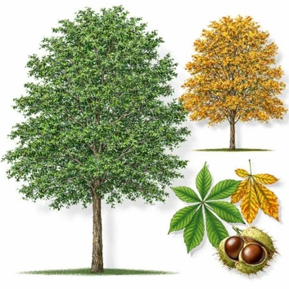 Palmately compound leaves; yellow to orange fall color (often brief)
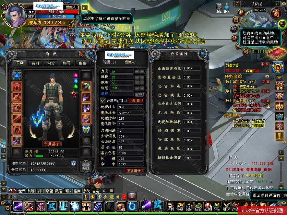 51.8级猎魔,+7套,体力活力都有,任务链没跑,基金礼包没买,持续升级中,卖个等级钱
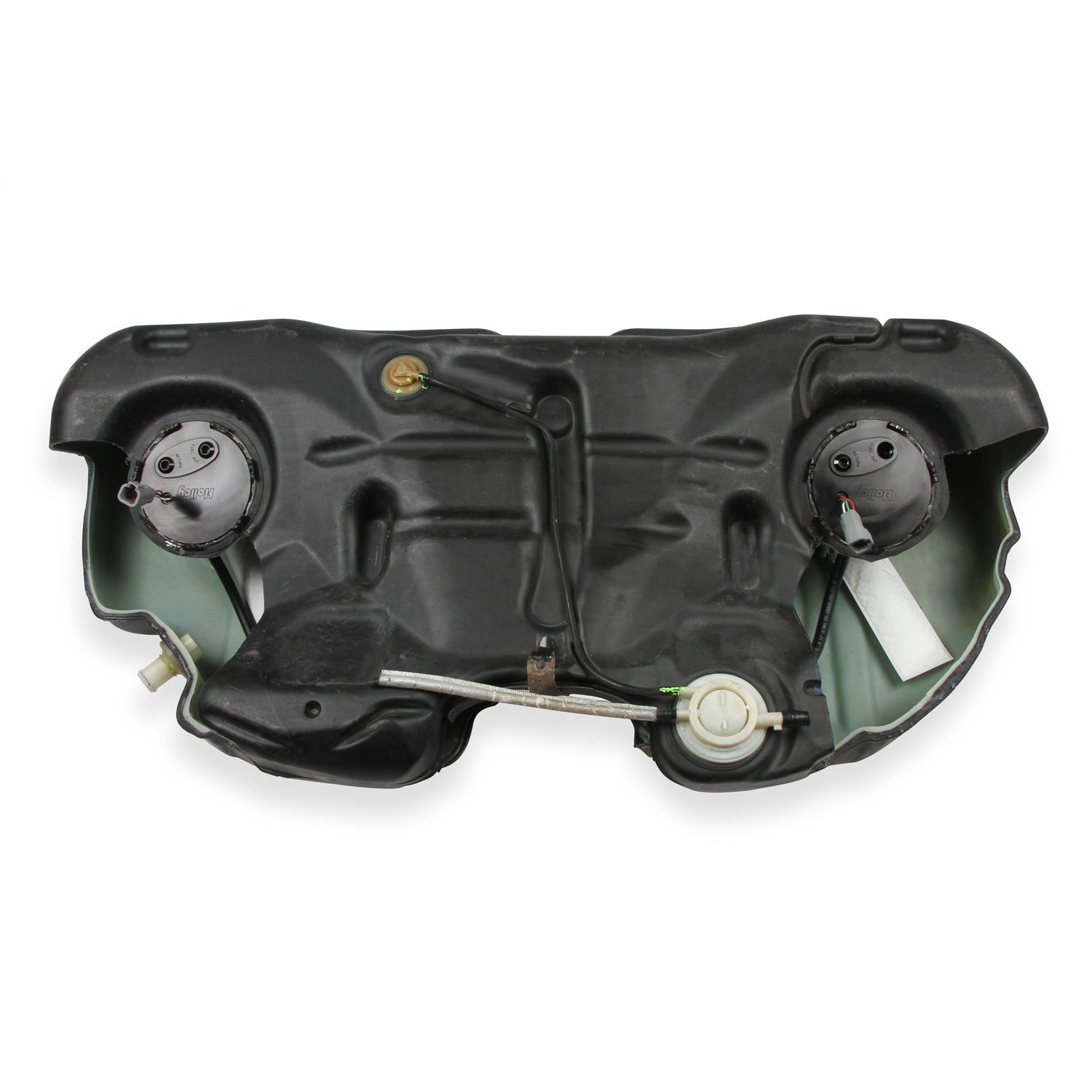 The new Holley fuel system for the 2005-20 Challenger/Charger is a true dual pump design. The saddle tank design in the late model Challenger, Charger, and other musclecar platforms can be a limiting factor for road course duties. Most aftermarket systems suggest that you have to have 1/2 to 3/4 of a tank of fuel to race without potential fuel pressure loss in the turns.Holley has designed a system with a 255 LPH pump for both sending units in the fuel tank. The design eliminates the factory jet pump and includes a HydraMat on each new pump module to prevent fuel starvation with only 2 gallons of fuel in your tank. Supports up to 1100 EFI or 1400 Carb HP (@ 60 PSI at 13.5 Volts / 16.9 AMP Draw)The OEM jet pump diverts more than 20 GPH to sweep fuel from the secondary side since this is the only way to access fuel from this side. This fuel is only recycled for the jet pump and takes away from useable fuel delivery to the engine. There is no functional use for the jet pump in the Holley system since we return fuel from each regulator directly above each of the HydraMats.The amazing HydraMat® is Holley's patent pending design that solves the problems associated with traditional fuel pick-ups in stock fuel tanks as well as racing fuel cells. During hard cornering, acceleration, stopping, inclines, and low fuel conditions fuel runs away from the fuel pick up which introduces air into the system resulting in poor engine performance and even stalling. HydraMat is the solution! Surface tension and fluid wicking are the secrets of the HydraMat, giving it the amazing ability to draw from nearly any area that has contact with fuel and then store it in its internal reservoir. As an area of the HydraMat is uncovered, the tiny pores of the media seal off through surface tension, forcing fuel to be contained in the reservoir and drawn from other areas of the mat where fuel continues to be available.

| What you should do |
Starting at the top of the listing above, please restate word for word each line up to and including the one that holds "51.8级猎魔,+7套,体力", omitting every image.

| Result |
 Palmately compound leaves; yellow to orange fall color (often brief)
 51.8级猎魔,+7套,体力活力都有,任务链没跑,基金礼包没买,持续升级中,卖个等级钱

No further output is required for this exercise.